Since this is a service, we already had a method to detect any files already present when the service started. This method worked and had no reliance on the component. So the most elegant solution was to simply put that code on a timer. Below are the relevant parts of the class (i.e. this snippet isn't designed to be copy / paste ready, only to show how I solved the problem). Don't let the FTP moniker throw you off course - it is really just watching a shared folder which might or might not be mapped to an FTP server.

using System.Collections.Generic;
using Timer = System.Timers.Timer;

public partial class VsiFtpManager : ServiceBase
{
    private Timer _searchTimer;
    private Queue<string> _filesToProcess;
    private string _ftpRoot; //this is set elsewhere from the registry

    protected override void OnStart(string[] args)
    {

        //process any files that are already there when the service starts
        LoadExistingFtpFiles(); 

        //Handle new files
        _searchTimer = new Timer(10000);
        _searchTimer.Elapsed += LoadExistingFtpFiles;
    }

    //convenience overload to allow this to handle timer events
    private void LoadExistingFtpFiles(object source, ElapsedEventArgs evtArgs)
    {
        LoadExistingFtpFiles();
    }

    private void LoadExistingFtpFiles()
    {
        _searchTimer.Stop();
        var di = new DirectoryInfo(_ftpRoot);
        FileInfo[] fileInfos = di.GetFiles("*.*", SearchOption.AllDirectories);
        foreach (FileInfo fi in fileInfos.Where(fi => fi != null))
        {
            if (fi.Extension != "processed" && !_filesToProcess.Contains(fi.FullName))
            {
                LogHelper.BroadcastLogMessage("INFO:  File " + fi.Name + " was uploaded.", EventLogEntryType.Information);
                _filesToProcess.Enqueue(fi.FullName);
                LogHelper.BroadcastLogMessage("File received: " + fi.Name, EventLogEntryType.Information);
            }
        }
        _searchTimer.Start();

    }
}

The part you don't see, which is beyond the scope of my question, is essentially a co-routine running against the queue _filesToProcess which processes the files then renames them to have an extension of .processed.
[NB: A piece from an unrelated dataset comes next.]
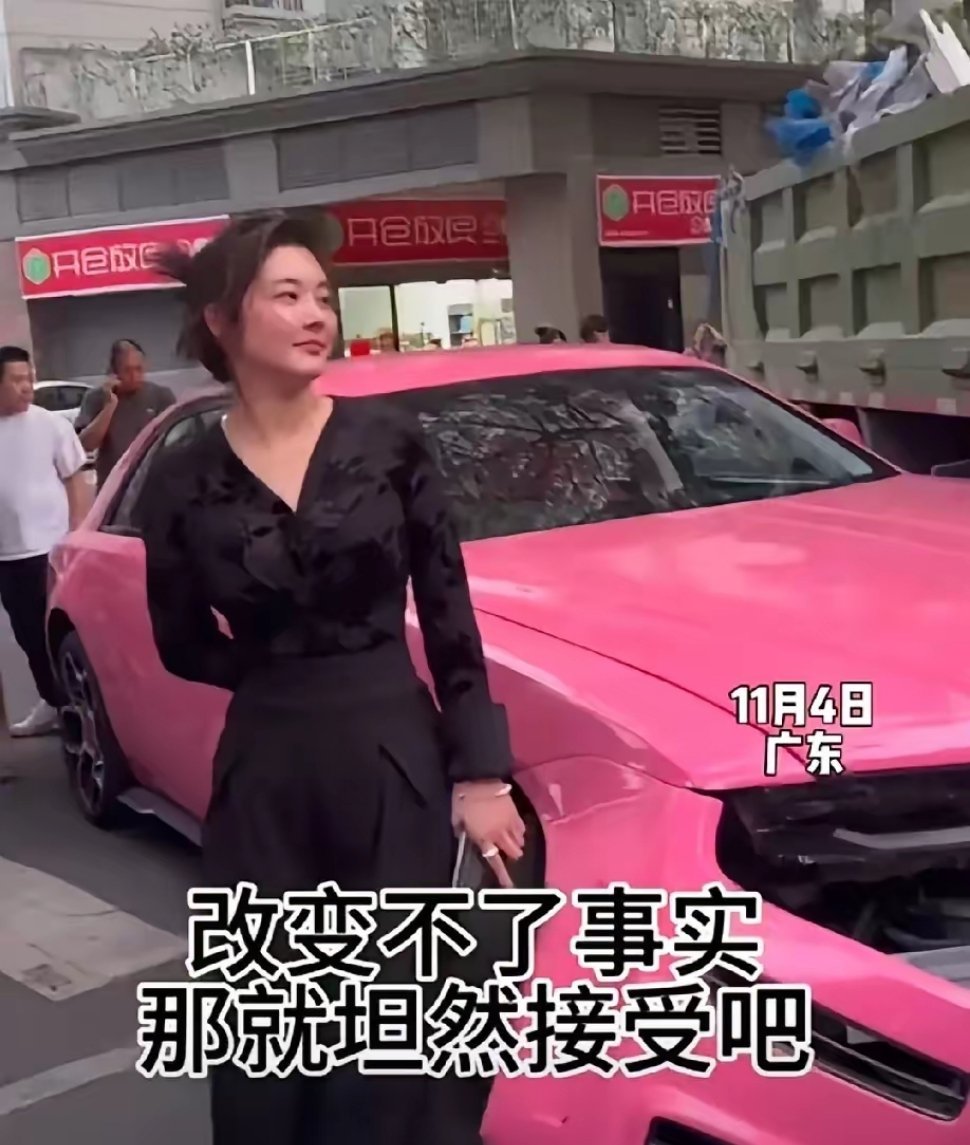 看出来了,这是真正的有钱人,自己的豪车被大货车都撞那样了,美女却面不改色,从容淡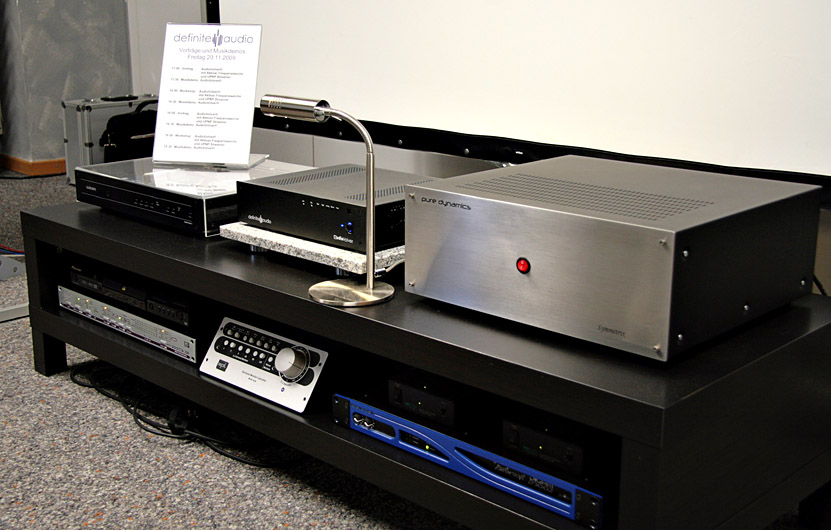 Bild 2: Aufbau der Vorführanlage - anstatt der Pure Dynamics Röhrenendstufe kamen allerdings zwei ClassD Monos von Flying Mole zum Einsatz.

So my final answer: My research, borne out by automated regression testing, showed file system watcher to be unreliable for my use case, which requires me to process files copied into a folder. Some of these files will come from Unix systems and so may have non-windows file names. The file system watcher component shipping with .net cannot reliably detect unix style files names bearing multiple dots within the name.

I replaced the file system watcher with a simple polling mechanism. The execution is significantly slower but reliable, which is my main objective. The overall solution reduced my lines of code, albeit insignificantly, and removed my only component on the design surface of the service, both of which I consider bonuses owing to my own possibly peculiar preferences.